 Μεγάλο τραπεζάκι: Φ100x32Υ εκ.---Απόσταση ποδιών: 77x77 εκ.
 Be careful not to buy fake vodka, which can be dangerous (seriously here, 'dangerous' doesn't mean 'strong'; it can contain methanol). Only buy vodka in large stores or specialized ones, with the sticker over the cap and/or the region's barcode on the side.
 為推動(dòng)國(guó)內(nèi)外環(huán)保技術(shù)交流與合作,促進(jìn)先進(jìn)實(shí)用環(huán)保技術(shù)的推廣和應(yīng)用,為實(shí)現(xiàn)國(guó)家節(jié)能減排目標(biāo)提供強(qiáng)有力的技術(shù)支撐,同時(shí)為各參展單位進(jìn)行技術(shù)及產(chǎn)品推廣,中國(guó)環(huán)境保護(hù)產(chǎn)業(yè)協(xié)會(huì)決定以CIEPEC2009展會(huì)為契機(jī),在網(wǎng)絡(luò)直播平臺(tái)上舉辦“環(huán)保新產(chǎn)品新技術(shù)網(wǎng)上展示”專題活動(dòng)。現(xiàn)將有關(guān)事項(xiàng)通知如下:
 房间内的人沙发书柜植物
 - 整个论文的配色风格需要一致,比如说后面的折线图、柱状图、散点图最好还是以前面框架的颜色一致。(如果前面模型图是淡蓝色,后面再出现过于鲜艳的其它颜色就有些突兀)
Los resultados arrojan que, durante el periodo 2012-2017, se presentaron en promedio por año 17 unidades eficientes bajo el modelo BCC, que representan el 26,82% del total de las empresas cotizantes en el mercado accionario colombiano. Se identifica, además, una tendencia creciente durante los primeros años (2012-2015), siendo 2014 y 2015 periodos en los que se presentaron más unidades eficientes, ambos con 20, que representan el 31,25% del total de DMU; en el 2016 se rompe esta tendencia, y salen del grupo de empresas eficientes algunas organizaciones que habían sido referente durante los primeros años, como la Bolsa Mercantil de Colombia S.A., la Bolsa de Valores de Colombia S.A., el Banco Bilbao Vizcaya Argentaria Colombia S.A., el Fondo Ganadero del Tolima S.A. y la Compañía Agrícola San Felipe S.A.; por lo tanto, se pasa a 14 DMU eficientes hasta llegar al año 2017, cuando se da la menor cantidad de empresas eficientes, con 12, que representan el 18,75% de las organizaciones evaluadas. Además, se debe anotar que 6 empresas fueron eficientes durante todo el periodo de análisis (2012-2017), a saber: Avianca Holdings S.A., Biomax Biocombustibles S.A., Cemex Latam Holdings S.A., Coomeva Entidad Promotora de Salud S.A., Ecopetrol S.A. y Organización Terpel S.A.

^^^^

Your task> Print the complete listing again, exactly as it stands.

Your response>
 Μεγάλο τραπεζάκι: Φ100x32Υ εκ.---Απόσταση ποδιών: 77x77 εκ.
 Be careful not to buy fake vodka, which can be dangerous (seriously here, 'dangerous' doesn't mean 'strong'; it can contain methanol). Only buy vodka in large stores or specialized ones, with the sticker over the cap and/or the region's barcode on the side.
 為推動(dòng)國(guó)內(nèi)外環(huán)保技術(shù)交流與合作,促進(jìn)先進(jìn)實(shí)用環(huán)保技術(shù)的推廣和應(yīng)用,為實(shí)現(xiàn)國(guó)家節(jié)能減排目標(biāo)提供強(qiáng)有力的技術(shù)支撐,同時(shí)為各參展單位進(jìn)行技術(shù)及產(chǎn)品推廣,中國(guó)環(huán)境保護(hù)產(chǎn)業(yè)協(xié)會(huì)決定以CIEPEC2009展會(huì)為契機(jī),在網(wǎng)絡(luò)直播平臺(tái)上舉辦“環(huán)保新產(chǎn)品新技術(shù)網(wǎng)上展示”專題活動(dòng)。現(xiàn)將有關(guān)事項(xiàng)通知如下:
 房间内的人沙发书柜植物
 - 整个论文的配色风格需要一致,比如说后面的折线图、柱状图、散点图最好还是以前面框架的颜色一致。(如果前面模型图是淡蓝色,后面再出现过于鲜艳的其它颜色就有些突兀)
Los resultados arrojan que, durante el periodo 2012-2017, se presentaron en promedio por año 17 unidades eficientes bajo el modelo BCC, que representan el 26,82% del total de las empresas cotizantes en el mercado accionario colombiano. Se identifica, además, una tendencia creciente durante los primeros años (2012-2015), siendo 2014 y 2015 periodos en los que se presentaron más unidades eficientes, ambos con 20, que representan el 31,25% del total de DMU; en el 2016 se rompe esta tendencia, y salen del grupo de empresas eficientes algunas organizaciones que habían sido referente durante los primeros años, como la Bolsa Mercantil de Colombia S.A., la Bolsa de Valores de Colombia S.A., el Banco Bilbao Vizcaya Argentaria Colombia S.A., el Fondo Ganadero del Tolima S.A. y la Compañía Agrícola San Felipe S.A.; por lo tanto, se pasa a 14 DMU eficientes hasta llegar al año 2017, cuando se da la menor cantidad de empresas eficientes, con 12, que representan el 18,75% de las organizaciones evaluadas. Además, se debe anotar que 6 empresas fueron eficientes durante todo el periodo de análisis (2012-2017), a saber: Avianca Holdings S.A., Biomax Biocombustibles S.A., Cemex Latam Holdings S.A., Coomeva Entidad Promotora de Salud S.A., Ecopetrol S.A. y Organización Terpel S.A.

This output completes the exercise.